■ Data provided:
◆ ◆ ◆ ◆ ◆
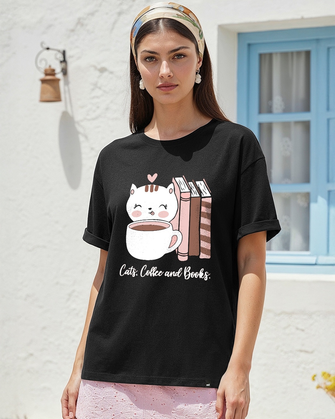 Women's Black Cats Coffee & Books Graphic Printed Boyfriend T-shirt
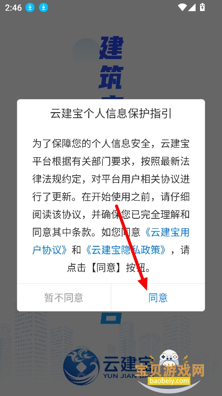1、在宝贝游戏网下载安装云建宝工人端app官方版,点击“同意”进入
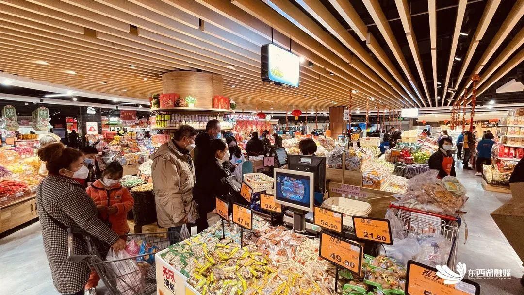 家住常青花园二社区的冯先生正把一箱牛奶放进推车内,妻子则抱着孩子在一旁选择糕点礼盒。冯先生告诉记者,他们一家三口正准备去亲戚家拜年,考虑到亲戚家有一个上小学的孩子和一位上年纪的老人,他们购买拜年礼品的方向大多考虑这两个年龄段的口味,“超市就在家门口,我们现在买完就直接去拜年,很方便。”
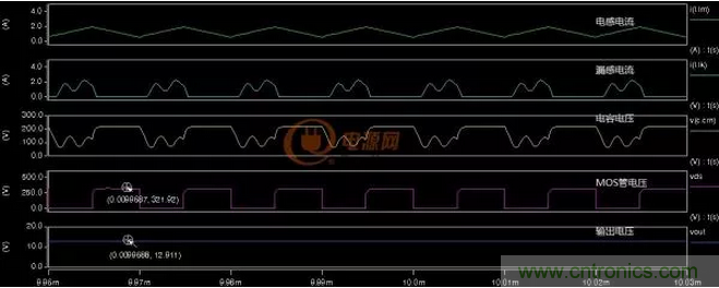 在上圖中漏感電流是斷續(xù)的,電容Cm的最大電壓200V左右,MOS管的Vds電壓321V左右。
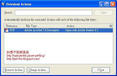 4.點選後會跳出設定視窗,視窗中會存有之前您已經設定好的預設動作的檔案格式,您可以透過此視窗變更之前的設定,或移除設定回到預設值,跳出視窗來詢問你。
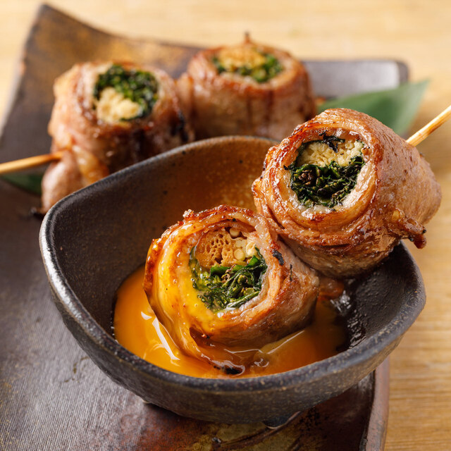 地鶏の串焼きと旬のお野菜を使用した野菜串巻きは旨味たっぷりの自身の逸品です。
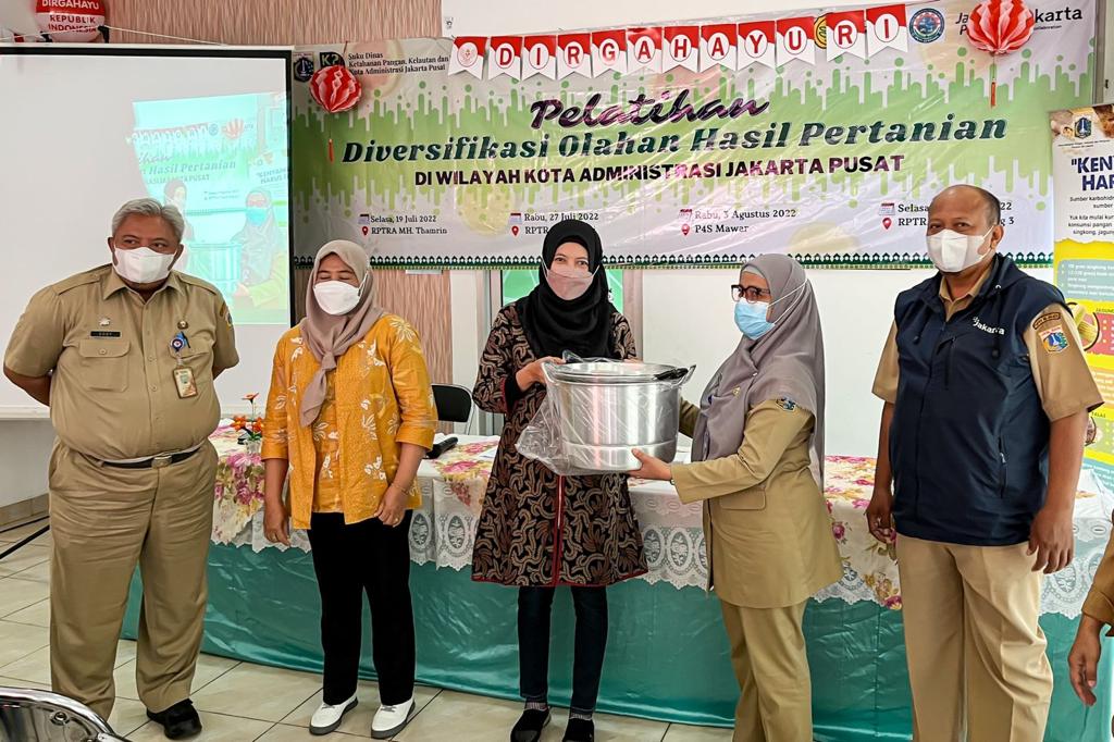 Suku Dinas Ketahanan Pangan Kelautan dan Pertanian (KPKP) Kota Administrasi Jakarta Pusat menyelenggarakan pelatihan diversifikasi olahan hasil pertanian di Ruang Publik Terpadu Ramah Anak (RPTRA) Tanah Abang 3, Kelurahan Petojo Selatan, Kecamatan Gambir, Selasa (9/8).
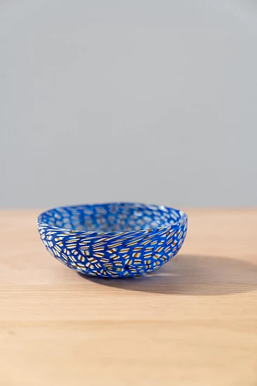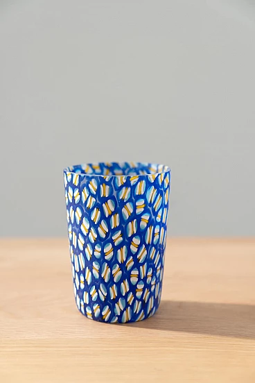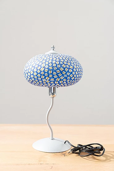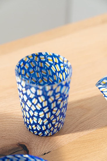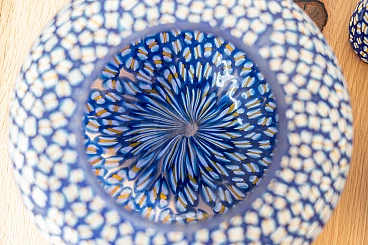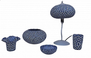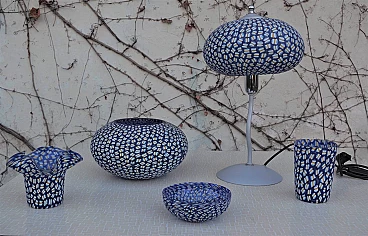 Glasses, bowls and table lamp in hand-painted Murano glass, 90s
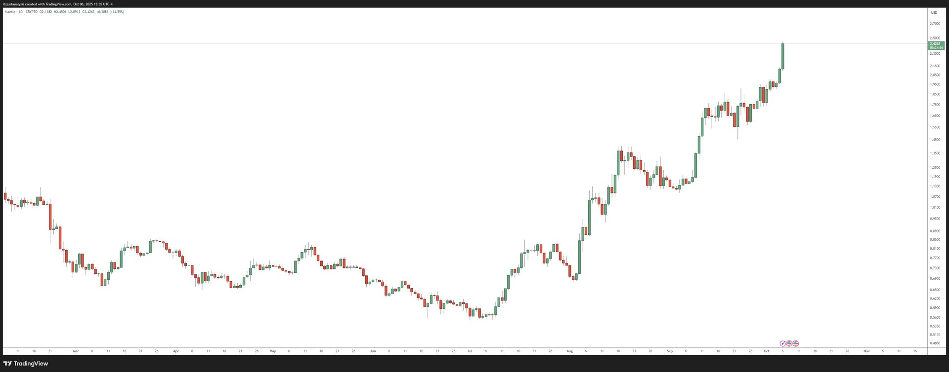 New all-time high hit today, and nearing the critical $2.50 value area. Itās up +338% from its July 8, 2025 lows. šØ
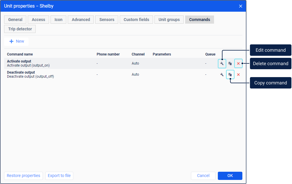You can perform the following actions with commands: clearing the queue, editing, copying, deleting, and sending. The first four actions are available directly in the list of commands in the unit properties.
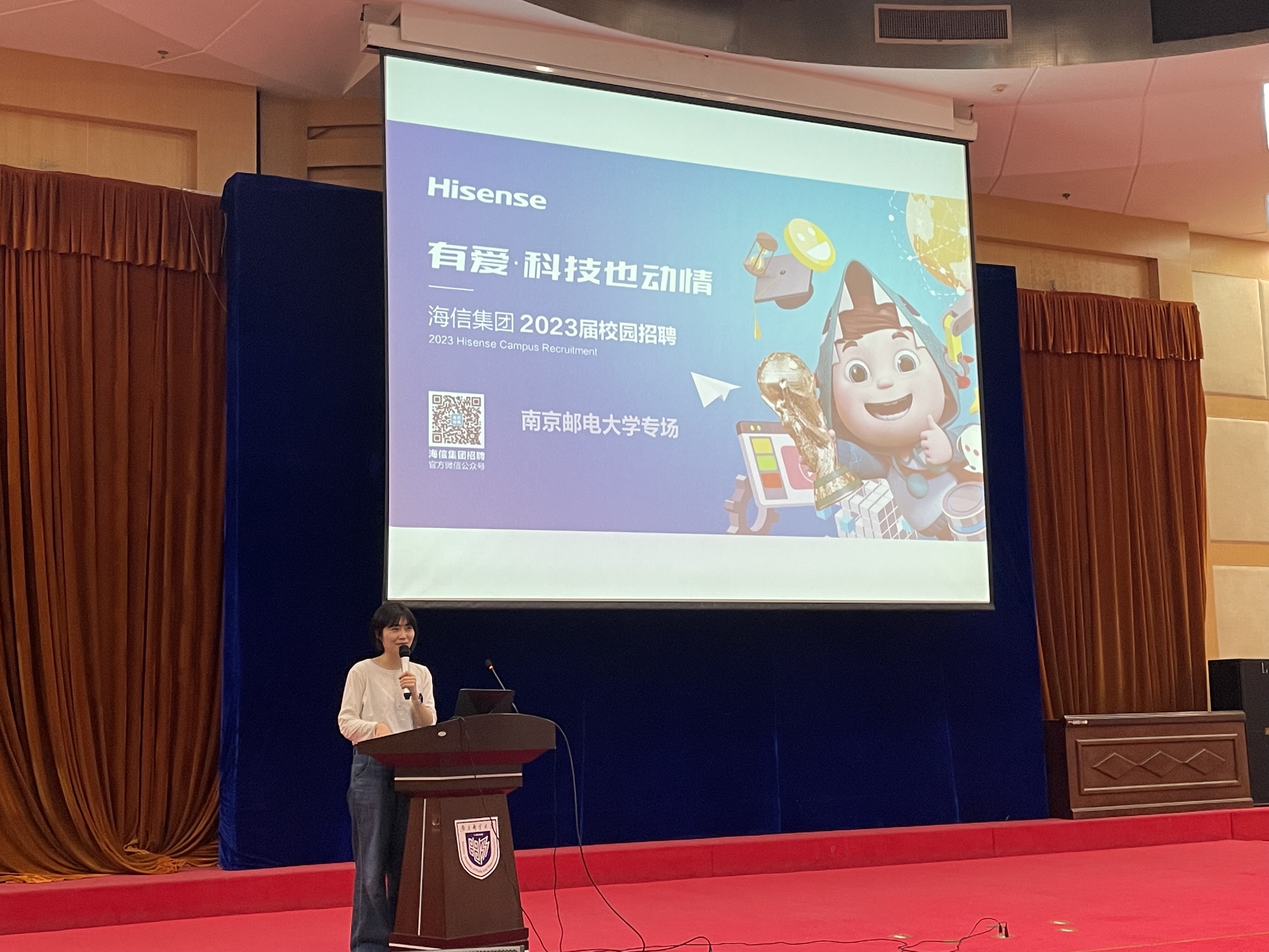 由南京邮电大学招就处主办、南京邮电大学已满18周岁请带好卫生纸承办的海信集团招聘宣讲会于2023年3月10日下午14:30在我校三牌楼校区科技会堂二楼举行。本次招聘宣讲会旨在展示海信集团的品牌形象,介绍企业文化、招聘岗位、职工待遇等方面的信息,为南邮学子提供好的个人发展平台。
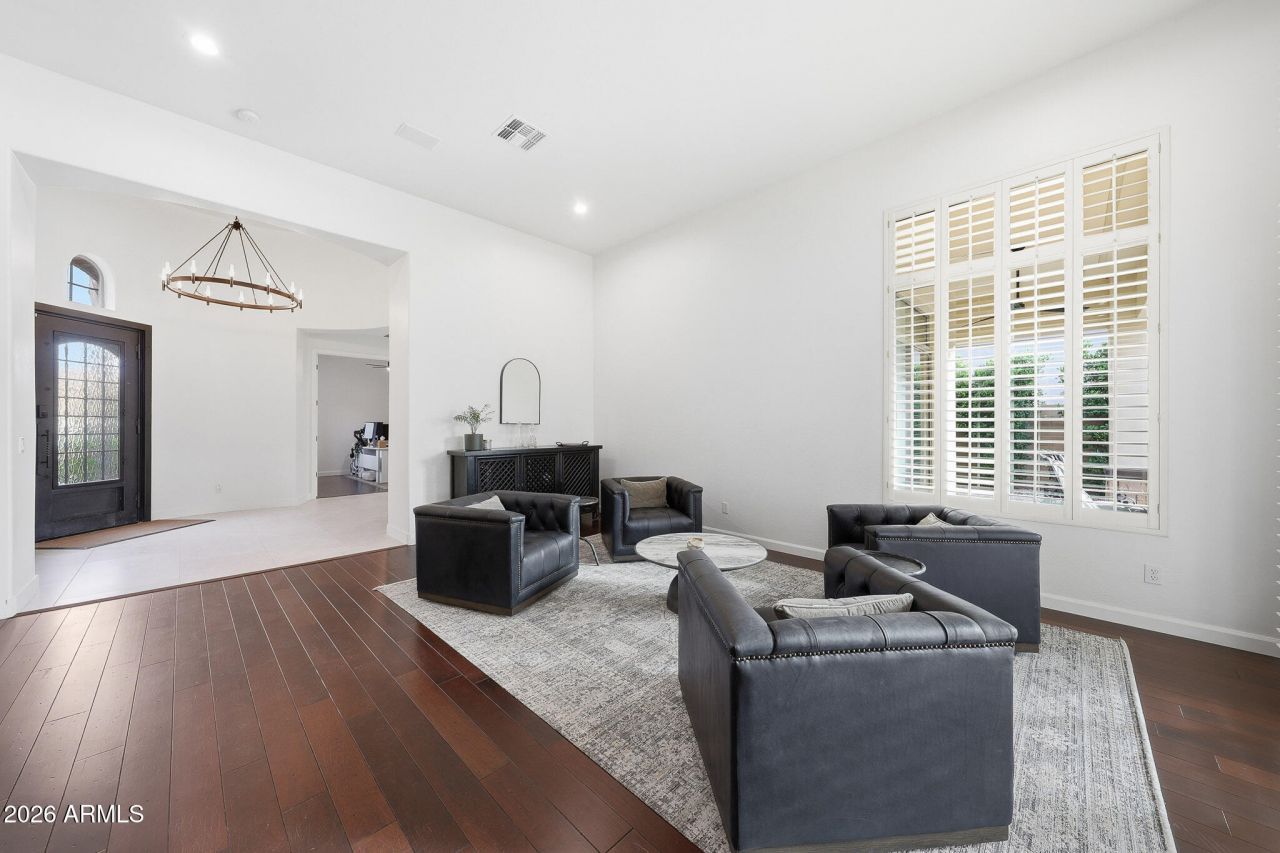 Welcome to sophisticated family living in one of Chandlers most sought-after gated communities! This beautifully updated single-story home on tree-lined streets with walking trails feels like a true neighborhood retreat. Step inside to a show-stopping chefs kitchen -- the true heart of the home -- boasting black stainless appliances, elegant brass accents, Quartz counters, a massive island/breakfast bar + another w/ prep sink, gas range, three ovens, spacious eat-in kitchen area, and walk-in pantry. Retreat to the serene owners suite with peaceful pool views and fountain sounds. Indulge in the spa bath with dual vanities, soaking tub, separate shower includes full body rain/jet system, modern cabinetry, and walk-in closet. Nearby bonus room works perfectly as a nursery, home office.... The thoughtful split floor plan delivers ultimate privacy and flexibility: On the opposite side are 4 bedrooms, 3 are en suite. Ideal for guests, teens, or multi-gen living. Plantation shutters add timeless charm and efficiency throughout. Outside, the resort-style backyard awaits: heated pool & spa, multiple covered patios, mature landscaping, built-in BBQ pergola, and fun chipping/putting greens -- perfect for weekend relaxation and family gatherings. Extensive recent renovations ($250K) make this home move-in ready with modern-classic appeal. Come see why this is the one!
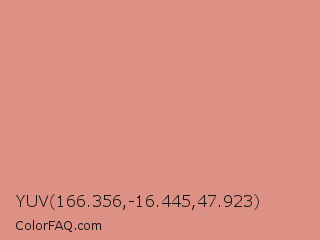 YUV 166.356,-16.445,47.923 Color is a light red color and the nearest color is My Pink #d69188. Hex code #dd9185 and RGB value is rgb(221,145,133). In RGB color space, this color is composed of 87% red, 57% green, 52% blue, In CMYK color space, this color is composed of 0% cyan, 34% magenta, 40% yellow , 13% black , In HSL color space, this color has a hue angle of 8° , 56% saturation and 69% lightness.
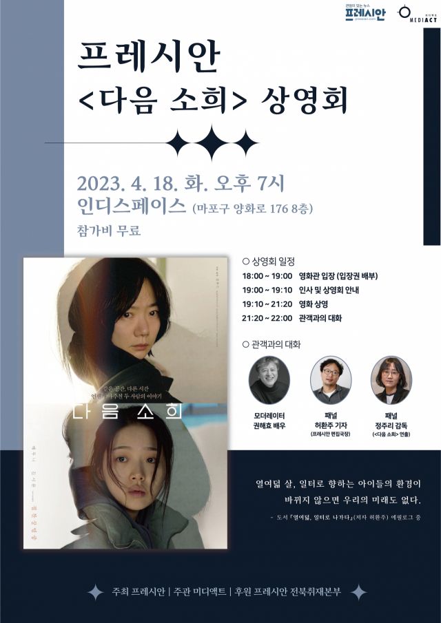<프레시안>이 오는 4월 18일 홍대 '인디스페이스'에서 <다음 소희> 상영회를 개최합니다.
◆ ◆ ◆ ◆ ◆
■ What you should do: Working from the line containing "YUV 166.356,-16.445,47.923 Color" to the last line of the data, retype every line exactly, both ends included, and leave out all pictures.

■ The answer:
 YUV 166.356,-16.445,47.923 Color is a light red color and the nearest color is My Pink #d69188. Hex code #dd9185 and RGB value is rgb(221,145,133). In RGB color space, this color is composed of 87% red, 57% green, 52% blue, In CMYK color space, this color is composed of 0% cyan, 34% magenta, 40% yellow , 13% black , In HSL color space, this color has a hue angle of 8° , 56% saturation and 69% lightness.
<프레시안>이 오는 4월 18일 홍대 '인디스페이스'에서 <다음 소희> 상영회를 개최합니다.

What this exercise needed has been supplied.